车辆路径规划问题(Vehicle Routing Problem，VRP)一般指的是：对一系列发货点和收货点，组织调用一定的车辆，安排适当的行车路线，使车辆有序地通过它们，在满足指定的约束条件下（例如：货物的需求量与发货量，交发货时间，车辆容量限制，行驶里程限制，行驶时间限制等），力争实现一定的目标（如车辆空驶总里程最短，运输总费用最低，车辆按一定时间到达，使用的车辆数最小等）。

下图给出了一个简单的VRP的例子

1.2 CVRP 问题

最基本的VRP问题叫做带容量约束的车辆路径规划问题（Capacitated Vehicle Routing Problem，CVRP）。在CVRP中，需要考虑每辆车的容量约束、车辆的路径约束和装载量约束

1.3 VRPTW 问题

为了考虑配送时间要求，带时间窗的车辆路径规划问题（Vehicle Routing Problem with Time Window，VRPTW）应运而生。
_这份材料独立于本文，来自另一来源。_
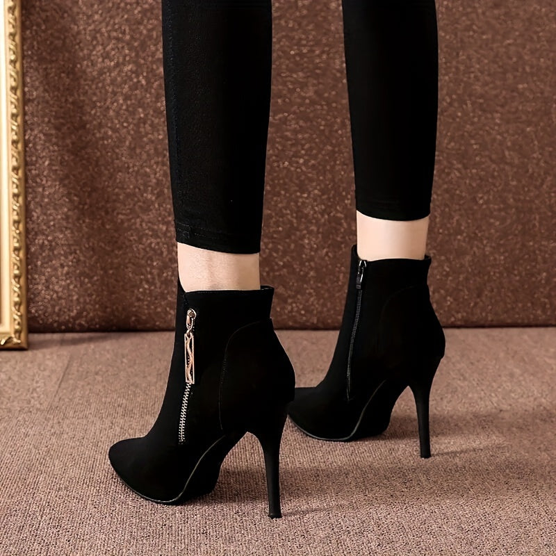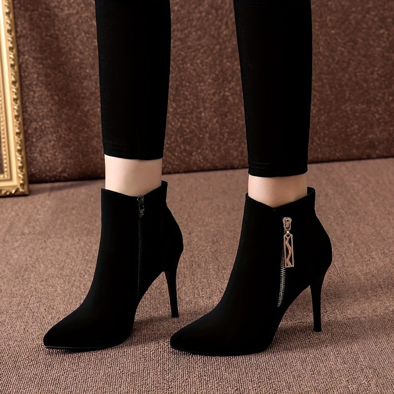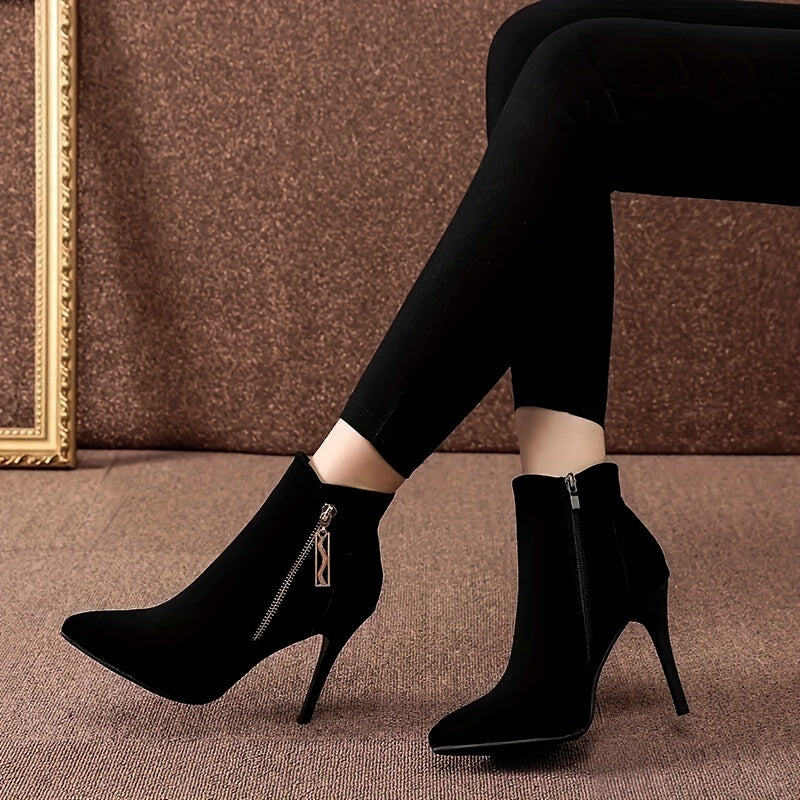 Стильные черные ankle-ботинки на высоком каблуке с заостренным носком и каблуком-стилето, с фланелевым верхом и боковой застежкой на молнии. Идеально подходят для вечеринок, свадеб и повседневной носки осенью.
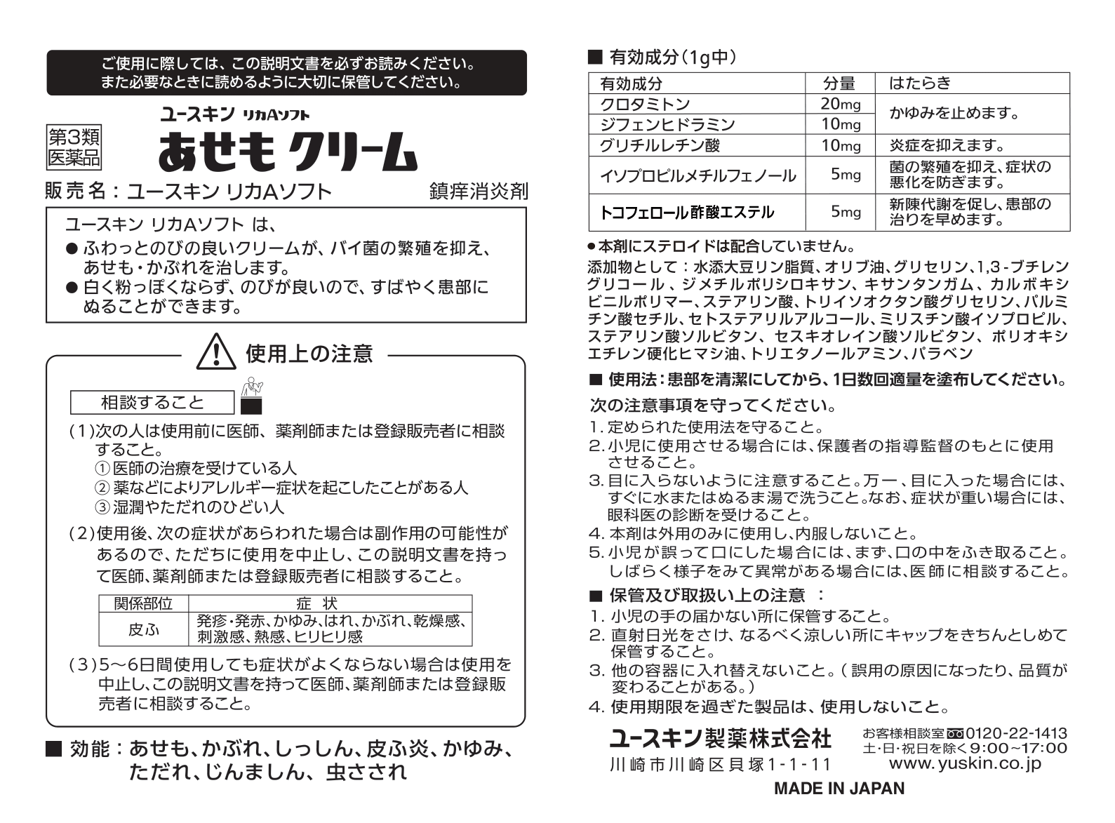 | 成分 | ●有効成分(1g中) クロタミトン(鎮痒成分):20mg、ジフェンヒドラミン(抗ヒスタミン成分):10mg、グリチルレチン酸(抗炎症成分):10mg、イソプロピルメチルフェノール(抗菌成分):5mg、トコフェロール酢酸エステル(血行促進成分):5mg ●添加物 水添大豆リン脂質、オリブ油、グリセリン、1,3-ブチレングリコール、ジメチルポリシロキサン、キサンタンガム、カルボキシビニルポリマー、ステアリン酸、トリイソオクタン酸グリセリン、パルミチン酸セチル、セトステアリルアルコール、ミリスチン酸イソプロピル、ステアリン酸ソルビタン、セスキオレイン酸ソルビタン、ポリオキシエチレン硬化ヒマシ油、トリエタノールアミン、パラベン ※本剤にステロイドは配合していません。 |

VRPTW 不仅考虑CVRP的所有约束，还需要考虑时间窗约束，也就是每个顾客对应一个时间窗$[e_i,l_i]$，其中 $e_i$ 和 $l_i$ 分别代表该点的最早到达时间和最晚到达时间。顾客点 $i\in V$ 的需求必须要在其时间窗内被送达

VRPTW 已经被证明是 NP-hard 问题，其求解复杂度随着问题规模的增加而急剧增加，求解较为困难。到目前为止，求解 VRPTW 的比较高效的精确算法是分支定价算法和分支定价切割算法。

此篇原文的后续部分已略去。